Start of Block
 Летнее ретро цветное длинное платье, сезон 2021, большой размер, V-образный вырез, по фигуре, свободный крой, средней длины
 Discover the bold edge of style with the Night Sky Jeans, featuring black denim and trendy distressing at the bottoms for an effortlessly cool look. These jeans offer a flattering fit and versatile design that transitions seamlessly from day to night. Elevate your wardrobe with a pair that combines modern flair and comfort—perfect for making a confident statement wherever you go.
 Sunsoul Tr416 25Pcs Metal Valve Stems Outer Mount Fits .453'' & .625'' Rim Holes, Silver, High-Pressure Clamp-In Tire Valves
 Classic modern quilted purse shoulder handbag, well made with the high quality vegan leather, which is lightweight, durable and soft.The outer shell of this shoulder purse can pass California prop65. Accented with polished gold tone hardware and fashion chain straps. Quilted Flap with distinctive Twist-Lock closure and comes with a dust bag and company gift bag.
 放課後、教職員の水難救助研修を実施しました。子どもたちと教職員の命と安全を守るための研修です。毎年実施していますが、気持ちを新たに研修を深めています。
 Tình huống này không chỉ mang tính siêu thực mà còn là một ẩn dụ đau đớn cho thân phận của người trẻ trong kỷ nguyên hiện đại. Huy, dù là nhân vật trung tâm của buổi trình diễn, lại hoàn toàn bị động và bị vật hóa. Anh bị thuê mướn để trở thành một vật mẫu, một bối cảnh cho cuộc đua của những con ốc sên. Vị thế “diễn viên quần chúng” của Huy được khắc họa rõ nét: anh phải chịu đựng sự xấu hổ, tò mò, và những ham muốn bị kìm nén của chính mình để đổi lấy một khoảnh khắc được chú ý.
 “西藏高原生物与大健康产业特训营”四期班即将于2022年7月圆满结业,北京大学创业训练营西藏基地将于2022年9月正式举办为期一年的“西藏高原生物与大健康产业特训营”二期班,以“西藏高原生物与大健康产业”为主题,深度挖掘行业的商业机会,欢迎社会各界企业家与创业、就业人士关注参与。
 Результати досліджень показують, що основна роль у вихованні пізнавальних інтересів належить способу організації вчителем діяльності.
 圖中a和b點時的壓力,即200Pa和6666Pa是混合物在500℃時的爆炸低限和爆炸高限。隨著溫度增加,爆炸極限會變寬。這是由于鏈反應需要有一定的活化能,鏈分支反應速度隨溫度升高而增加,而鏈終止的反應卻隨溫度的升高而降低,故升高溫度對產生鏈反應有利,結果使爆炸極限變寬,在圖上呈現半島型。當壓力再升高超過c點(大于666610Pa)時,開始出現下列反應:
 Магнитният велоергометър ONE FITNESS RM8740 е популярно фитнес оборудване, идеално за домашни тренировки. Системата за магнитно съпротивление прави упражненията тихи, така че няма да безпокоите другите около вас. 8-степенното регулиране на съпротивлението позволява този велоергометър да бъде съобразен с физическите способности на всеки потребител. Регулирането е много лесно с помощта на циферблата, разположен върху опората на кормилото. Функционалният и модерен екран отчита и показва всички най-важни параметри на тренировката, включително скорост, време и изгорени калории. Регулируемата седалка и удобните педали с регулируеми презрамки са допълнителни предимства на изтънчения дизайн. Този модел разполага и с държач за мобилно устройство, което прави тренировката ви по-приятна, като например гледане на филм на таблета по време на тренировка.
End of Block
Go through the listing above and write out exactly the lines starting with the one holding "Sunsoul Tr416 25Pcs" and running through the one holding "Результати досліджень показують, що", ends included, and no others.

 Sunsoul Tr416 25Pcs Metal Valve Stems Outer Mount Fits .453'' & .625'' Rim Holes, Silver, High-Pressure Clamp-In Tire Valves
 Classic modern quilted purse shoulder handbag, well made with the high quality vegan leather, which is lightweight, durable and soft.The outer shell of this shoulder purse can pass California prop65. Accented with polished gold tone hardware and fashion chain straps. Quilted Flap with distinctive Twist-Lock closure and comes with a dust bag and company gift bag.
 放課後、教職員の水難救助研修を実施しました。子どもたちと教職員の命と安全を守るための研修です。毎年実施していますが、気持ちを新たに研修を深めています。
 Tình huống này không chỉ mang tính siêu thực mà còn là một ẩn dụ đau đớn cho thân phận của người trẻ trong kỷ nguyên hiện đại. Huy, dù là nhân vật trung tâm của buổi trình diễn, lại hoàn toàn bị động và bị vật hóa. Anh bị thuê mướn để trở thành một vật mẫu, một bối cảnh cho cuộc đua của những con ốc sên. Vị thế “diễn viên quần chúng” của Huy được khắc họa rõ nét: anh phải chịu đựng sự xấu hổ, tò mò, và những ham muốn bị kìm nén của chính mình để đổi lấy một khoảnh khắc được chú ý.
 “西藏高原生物与大健康产业特训营”四期班即将于2022年7月圆满结业,北京大学创业训练营西藏基地将于2022年9月正式举办为期一年的“西藏高原生物与大健康产业特训营”二期班,以“西藏高原生物与大健康产业”为主题,深度挖掘行业的商业机会,欢迎社会各界企业家与创业、就业人士关注参与。
 Результати досліджень показують, що основна роль у вихованні пізнавальних інтересів належить способу організації вчителем діяльності.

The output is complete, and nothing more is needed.